I'd honestly go with the less expensive monitors. Putting speakers right near a wall will greatly impact the timbre of the speaker, interfere with the stereo image, etc. It's basically a non-ideal acoustic situation that will have a pretty substantial impact on the quality of any speaker you put in a room with those constraints. So IME it'd be far smarter to save yourself the extra cost, as any higher end speakers you put in there will be compromised by the constraints of your space...


----------



## kgdrum (Aug 10, 2021)

While I agree in principle with @jcrosby
I think* any speaker* needs to have some distance from the back wall to decouple the speaker from the wall to work as designed.All speakers performance will be compromised if it up against the wall,the speakers will be saying: MOTHERFUCKER! lol 😂
I always recommend people experiment with placement and positioning in the room and try to objectively evaluate the sonic results even if it’s contrary to where you thought the perfect placement and position would and should be.
Often the best sound is achieved with something a bit different than most users originally intended.
Most of us are working around some sort room limitation, you have to work with the space as best you can.
But i totally agree *no speaker* at any price point or quality level will sound it’s best sitting up too close up against a wall.
A case in point,when I first got my Twins I set them up vertically and the sounded pretty damn good but than I tried setting them up horizontally and they actually sounded way better!
So the placement and position I originally had in mind went bye bye,the Twins have been positioned horizontally now for about 14 years on stands I never would have gotten if the speakers were positioned vertically.
So setup for the best sound results not aesthetically & try to determine objectively where you want the speakers in the room.


----------



## jcrosby (Aug 10, 2021)

kgdrum said:


> While I agree in principle with @jcrosby
> I think* any speaker* needs to have some distance from the back wall to decouple the speaker from the wall to work as designed.All speakers performance will be compromised if it up against the wall,the speakers will be saying: MOTHERFUCKER! lol 😂
> I always recommend people experiment with placement and positioning in the room and try to objectively evaluate the sonic results even if it’s contrary to where you thought the perfect placement and position would and should be.
> Often the best sound is achieved with something a bit different than most users originally intended.
> ...


100%... Placement's key for sure... With really small dimensions like this though the range of improvements placement can make is a lot smaller, and it sounds like they're basically confined to having them really close to a wall no matter how the room is oriented... The other thing about the dimensions they listed is that two of the surfaces are almost the same, effectively meaning they'll be wrestling with some of the _cube shaped room _effect.
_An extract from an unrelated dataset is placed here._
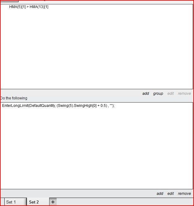 EnterLongLimit(DefaultQuantity,(Swing(5),SwingHigh[0] + 0.5),"").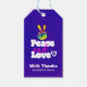 Funky cool danke Ihnen Geschenke Tags mit Frieden und Liebe geschrieben in einem groovy Typografie-Schriftart. Die Illustration ist ein handförmiges Friedenssymbol, die Finger in der klassischen v-Zeichen alle in Regenbogenfarben. Ein kleines doodle Herz neben dem Wort Liebe. Psychedelisches Groovy Design. Säurefreier lila Hintergrund. Personalisieren Sie Ihre Daten mit Ihren Namen oder anderen Texten.

Anyway, placement's key for sure, I just wanted to mention that they should think about how the limitations of a room this small might counteract some of the benefits they might get out of a higher end monitor...


----------



## polyfonic (Aug 11, 2021)

kgdrum said:


> As someone that owns Focals and actually used to consult & perform product evaluation for Focal while also selling Focal products,I must emphasize Focals typically take *at least 100 hours* of continuous playing to break-in and sound as intended.
> Don’t expect to unbox them and for them to sound amazing straight out of the box.
> Break-in time just like proper placement is very real and an important part of the setup process.


My primary goal for these new speakers is to get a working enviroment without too much low frequencies. As I can see, the PRO for the SHAPE monitors is that there are no ports, so it should be easier to control the low freqs.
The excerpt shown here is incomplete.